Orang tua yang merawat, mengasuh, bahkan bangun tengah malam demi anaknya, juga sedang mengabdi pada dharma keluarga. Di sana ada bhakti, dan bhakti adalah jalan menuju penyucian diri.
Sebagaimana sloka berikut
mātṛ devo bhava, pitṛ devo bhava, ācārya devo bhava, atithi devo bhava
(Taittirīya Upaniṣad 1.11.2)
“Jadikanlah ibumu sebagai dewa. Jadikanlah ayahmu sebagai dewa. Jadikanlah gurumu sebagai dewa. Jadikanlah tamumu sebagai dewa.”
Sloka ini bukan hanya mengajarkan penghormatan anak pada orang tua, tapi juga menjadi pengingat bagi para orang tua untuk terus menjaga kesucian dalam perilaku mereka, karena mereka tengah memainkan peran suci dalam kehidupan anak-anaknya.
Sebagai orang tua, aku tahu aku tak sempurna. Kadang suaraku meninggi, kadang aku kelelahan, kadang aku lalai memahami batin anakku. Tapi aku percaya, selama aku terus kembali pada niat baik dan belajar dari cinta, maka setiap hari adalah kesempatan baru untuk menjadi “orang suci” bagi anak-anakku.

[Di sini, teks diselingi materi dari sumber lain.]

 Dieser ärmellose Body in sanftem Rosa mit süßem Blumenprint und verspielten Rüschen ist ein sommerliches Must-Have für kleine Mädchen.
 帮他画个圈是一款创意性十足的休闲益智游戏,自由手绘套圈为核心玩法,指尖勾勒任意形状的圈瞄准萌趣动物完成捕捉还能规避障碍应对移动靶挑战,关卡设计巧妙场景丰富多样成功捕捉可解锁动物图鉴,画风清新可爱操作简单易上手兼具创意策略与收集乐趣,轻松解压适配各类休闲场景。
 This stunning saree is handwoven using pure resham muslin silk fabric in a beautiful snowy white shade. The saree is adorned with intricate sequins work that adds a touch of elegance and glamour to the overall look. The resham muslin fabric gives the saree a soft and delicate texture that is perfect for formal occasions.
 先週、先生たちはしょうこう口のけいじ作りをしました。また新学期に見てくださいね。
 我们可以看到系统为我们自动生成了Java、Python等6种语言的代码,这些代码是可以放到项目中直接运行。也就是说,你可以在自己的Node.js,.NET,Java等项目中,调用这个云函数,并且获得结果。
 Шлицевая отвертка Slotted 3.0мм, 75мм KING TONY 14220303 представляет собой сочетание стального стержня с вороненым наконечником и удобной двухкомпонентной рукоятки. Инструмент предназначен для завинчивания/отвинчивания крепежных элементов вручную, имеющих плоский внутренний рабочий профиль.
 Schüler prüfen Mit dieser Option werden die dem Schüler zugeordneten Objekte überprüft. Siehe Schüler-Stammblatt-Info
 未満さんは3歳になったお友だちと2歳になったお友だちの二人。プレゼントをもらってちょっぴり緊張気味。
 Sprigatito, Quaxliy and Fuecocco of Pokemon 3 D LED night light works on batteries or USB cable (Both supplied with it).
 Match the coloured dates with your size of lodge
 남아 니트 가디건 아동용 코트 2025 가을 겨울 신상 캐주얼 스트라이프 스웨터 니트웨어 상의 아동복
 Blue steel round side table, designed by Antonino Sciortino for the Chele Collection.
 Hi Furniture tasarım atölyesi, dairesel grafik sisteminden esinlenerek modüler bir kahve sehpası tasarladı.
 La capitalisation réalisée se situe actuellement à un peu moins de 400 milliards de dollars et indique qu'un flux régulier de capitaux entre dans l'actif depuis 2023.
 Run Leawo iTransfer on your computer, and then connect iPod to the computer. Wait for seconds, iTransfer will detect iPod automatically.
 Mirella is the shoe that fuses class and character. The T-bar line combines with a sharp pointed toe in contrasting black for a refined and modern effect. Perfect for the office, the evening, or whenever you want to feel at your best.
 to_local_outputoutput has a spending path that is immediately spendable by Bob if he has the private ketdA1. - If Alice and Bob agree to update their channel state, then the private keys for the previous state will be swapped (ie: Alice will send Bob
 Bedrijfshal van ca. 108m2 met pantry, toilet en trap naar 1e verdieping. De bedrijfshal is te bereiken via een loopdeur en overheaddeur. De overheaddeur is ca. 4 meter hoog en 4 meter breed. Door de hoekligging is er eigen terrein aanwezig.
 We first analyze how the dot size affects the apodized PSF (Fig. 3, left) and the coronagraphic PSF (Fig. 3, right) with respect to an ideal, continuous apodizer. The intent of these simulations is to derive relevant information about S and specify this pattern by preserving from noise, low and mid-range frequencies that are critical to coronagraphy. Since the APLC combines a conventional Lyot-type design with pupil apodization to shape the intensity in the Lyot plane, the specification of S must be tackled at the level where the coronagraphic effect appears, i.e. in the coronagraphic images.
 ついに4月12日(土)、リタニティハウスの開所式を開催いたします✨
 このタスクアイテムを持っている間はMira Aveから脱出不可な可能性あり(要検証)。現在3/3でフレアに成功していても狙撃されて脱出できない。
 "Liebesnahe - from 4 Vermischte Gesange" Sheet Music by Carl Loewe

Menyucikan diri dan menyucikan anak bukan tentang menjadi sempurna, tapi tentang terus menyalakan cahaya kecil dalam rumah tangga kita—dengan kata-kata yang baik, pelukan yang tulus, percakapan yang penuh perhatian, dan tindakan kasih yang sederhana.
Itulah dharma keluarga. Itulah tirtha pertama dalam hidup seorang manusia. Dan itulah jalan penyucian yang paling dekat: di rumah kita sendiri.